California set the standard for safe testing of autonomous vehicles with the regulations enacted in 2014.  Safety was the primary consideration and the DMV recognized the importance of transparency in both the regulation and its implementation.

Developers of autonomous vehicles have wrongly claimed that regulations thwart development of the technology, but that is clearly not the case when 30 companies have obtained permits to test their robot cars here and the state is the center of AV activity.

As the department moves toward enacting regulations covering testing of robot cars without drivers and the deployment of self-driving vehicles, both with and without human drivers, it is appropriate that the new regulations are offered in two separate articles, Article 3.7 and Article 3.8.

Testing regulations, Article 3.7,  with some key amendments could be implemented and continue to provide reasonable safeguards for testing.  For instance an amendment should require that companies be required to show that municipalities have given approval for testing of robot cars without steering wheels and test drivers in their respective jurisdictions.

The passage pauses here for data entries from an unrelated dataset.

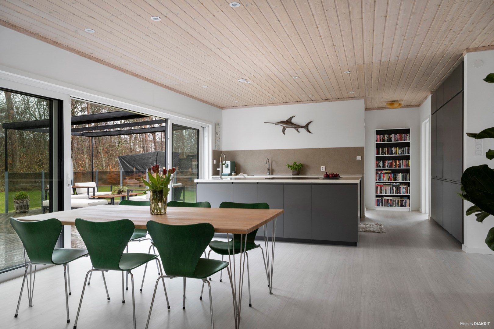 Rakt fram från hallen ligger det kombinerade köket och vardagsrummet som går i öppen planlösning. Rummet har ett härligt ljus och rymd tack vare den generösa takhöjden och alla fönsterpartier. I rummet finns en mysig braskamin och de stora skjutpartierna öppnar upp mot altanen i trädgården. I det moderna köket finns det generöst med skåp för förvaring. Härifrån kliver du direkt ut på en stor altan som är perfekt för lata sommardagar. Här kan du sträckläsa en bok, grilla, ta en kopp kaffe eller bara blunda och vända dig mot solens värmande strålar och njuta middagar under bar himmel.
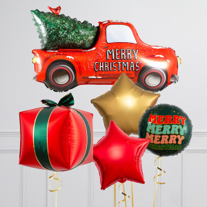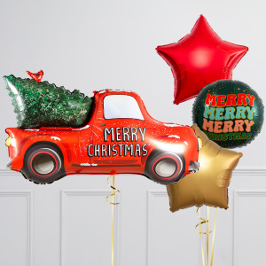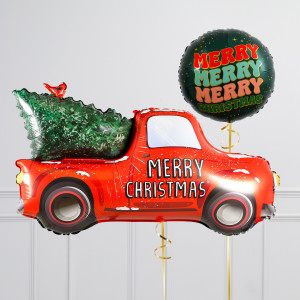Upgrade your Christmas Tree Pickup Truck balloon by adding a matching 18" Merry Merry Merry Christmas circle balloon, 20" star balloons, and supersize with a 25" 3D Christmas Present balloon.
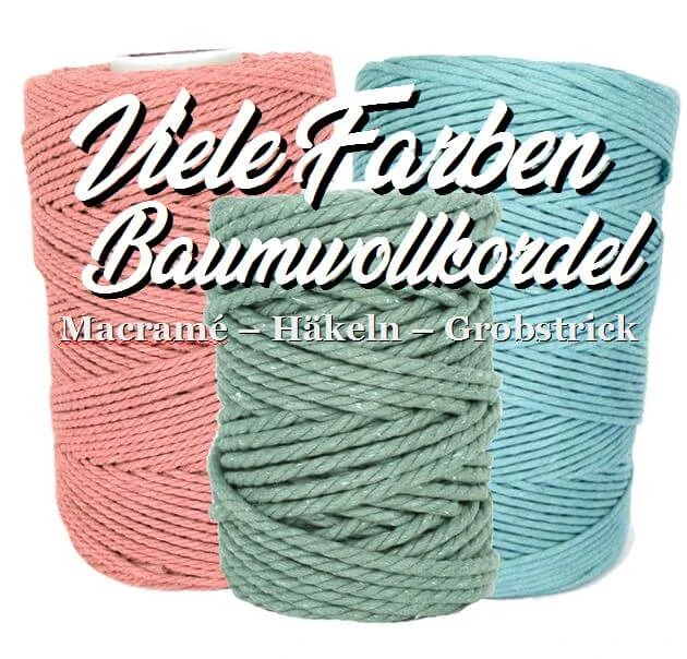 Hochwertiges MacramĂ©-Garn aus 45-fĂ€dig gezwirnter Baumwolle in 4.5 mm GarnstĂ€rke perfekt fĂŒr das KnĂŒpfen in Makrameetechnik, zum HĂ€keln & Stricken als Grobstrickgarn.
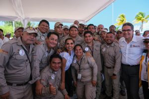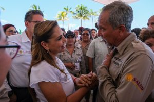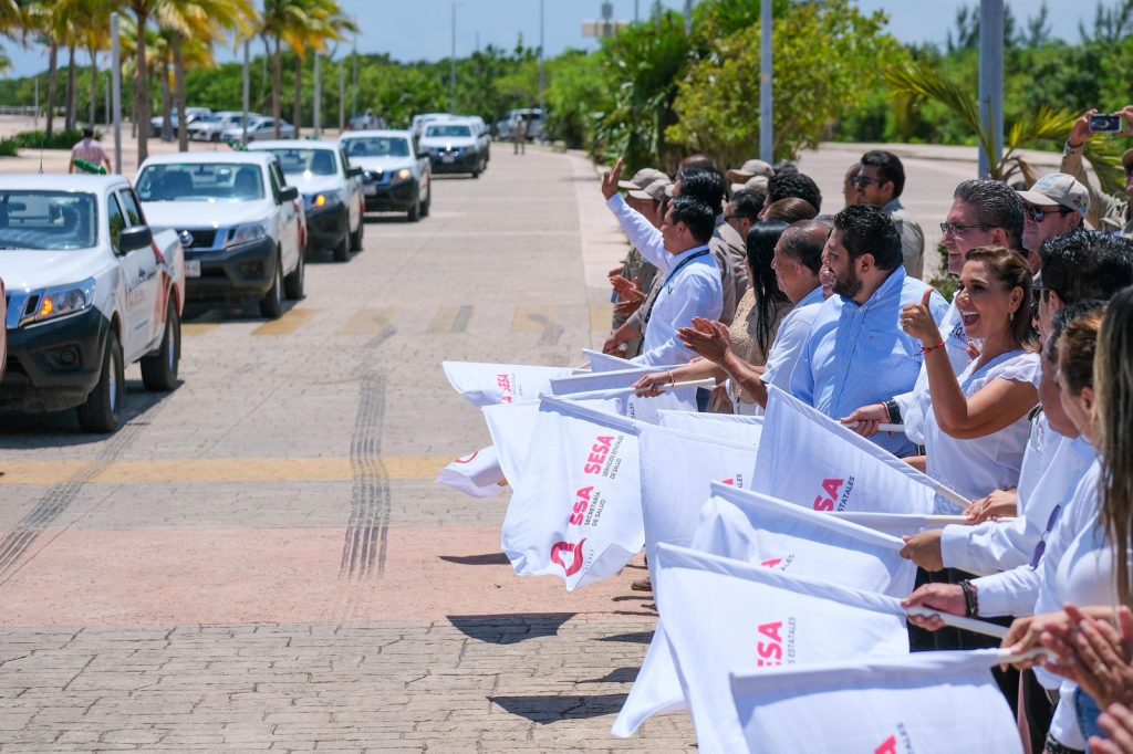 Acompañada del secretario de Salud de Quintana Roo, Flavio Carlos Rosado, la Gobernadora entregó vehículos, maquinaria e insecticida, y dio el banderazo para el fortalecimiento de las acciones, en un trabajo coordinado entre los tres niveles de gobierno, con la participación activa de la sociedad en general.
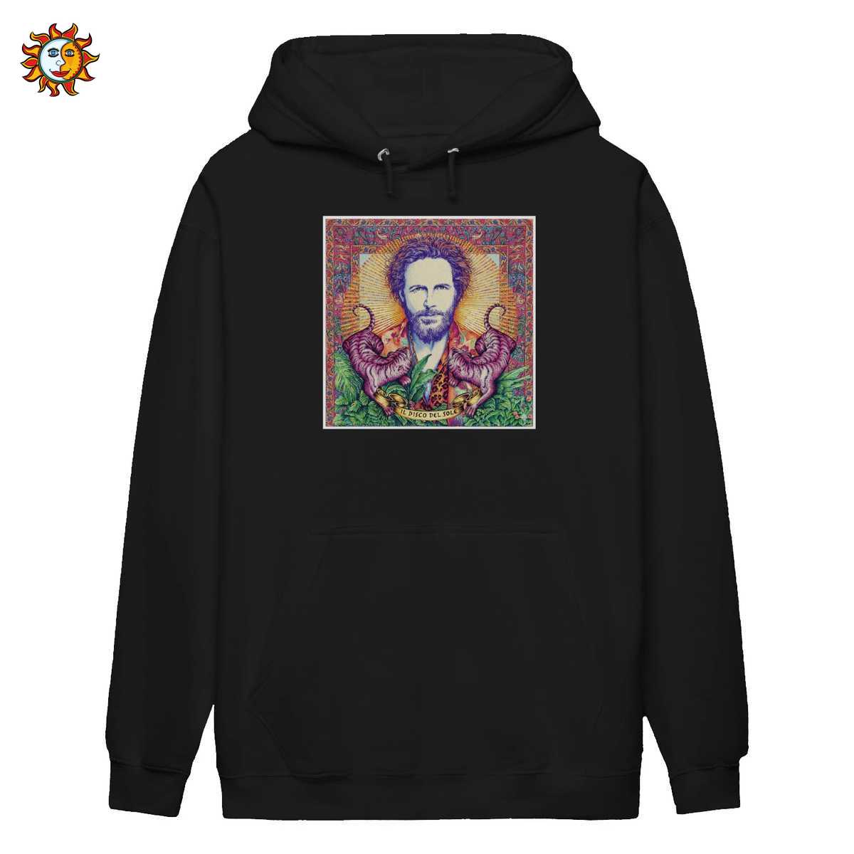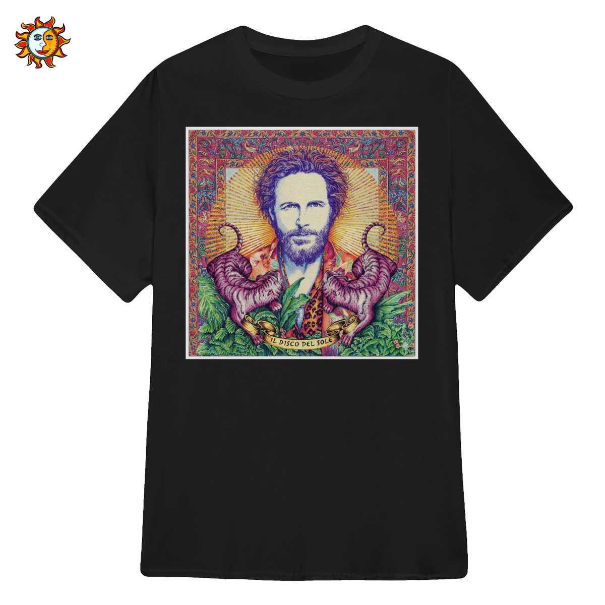 La grafica di questa maglietta è un omaggio visivo all’album ‘Il Disco Del Sole’ di Jovanotti, fondendo elementi psichedelici, pop art e uno stile fumetto vintage. Al centro, Lorenzo Cherubini è ritratto come un’icona solare, circondato da tigri e natura lussureggiante, catturando l’energia esplosiva della sua musica.

Another import provision of the proposed regulations is a section that would prevent manufacturers from using terms to describe a vehicle that would lead people to believe it is autonomous when it is not.  This is an important protection. Tesla’s “Autopilot” has killed two people who likely thought their Level 2 car was more autonomous than was actually the case.

However, deployment of robot cars and enacting Article 3.8 is premature and irresponsible. The proposed regulations rely on federal safety standards.  There are none.  Regulations that rely on a foundation that simply does not exist are little more than a meaningless house of cards.